The majority of restaurants in the study saw incremental sales, though it’s a lot lower than the purely incremental lift many in the industry promised back in earlier days days. Restaurants with virtual kitchens added to the mix saw an even bigger lift than delivery, with such restaurants reporting a 50 percent sales increase.
Of course, the big question is always about profits, and the survey showed with some confusing math that profits indeed increased in each of the surveyed markets, as seen in the graphic below.

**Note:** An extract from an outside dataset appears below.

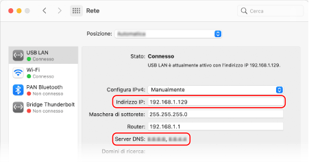 2 | In [Proprietà], visualizzare l’indirizzo IP e il server DNS. |

The survey suggests profit margins within the revenue growth were 58 percent in London; 19 percent in Paris; a whopping 156 percent in Madrid and 41 percent in Warsaw. Margins like that are unbelievable, but the report authors attempted to explain what was going on in a footnote:
The greater increase in aggregate net impacts on profit relative to turnover in Madrid is driven by the relatively lower rate of substitution by meals ordered through third-party platforms for non-restaurant sector meals (see Figure 9). As a result of this, turnover increases from growth in the restaurant sector are more limited and counteracted by the decrease in turnover per meal due to substitution from on-premises dining to collection and delivery meals. Meanwhile, relatively more meals substitute lower-margin direct deliveries for higher-margin third-party deliveries, resulting in an overall larger net increase in total industry profits despite a not as significant net increase in turnover
By that logic, restaurants in Madrid saw an incredible level of incrementality and limited “turnover” from in-restaurant meals. The majority of delivery meals in Madrid replaced meals ordered from a restaurant according to a July 2019 survey by Deloitte. But hey, let’s not spend too much time on that consultancy math…
The full traffic effect was also pronounced, as seen in the graphic below.
In all, that’s an additional 837,000 meals across the surveyed markets for chain restaurants and 729,000 for independent restaurants. That sort of growth suggests there is plenty more delivery expansion ahead in Europe. Deloitte predicted a huge portion of the foodservice world to be flowing through delivery by 2023, as seen in the graphic below.
“Food delivery is growing rapidly across Europe. Existing estimates suggest that the market is experiencing double-digit growth rates and could be worth $25 billion by 2023,” wrote the authors.
How does this all look in the U.S.? Well, that’s a lot harder to say, as the U.S. has a lot more restaurants per capita (too many if you ask most industry watchers), more competition among the platforms and a much higher rate of food eaten away from home. Uber did not respond to a request for comparative U.S. metrics.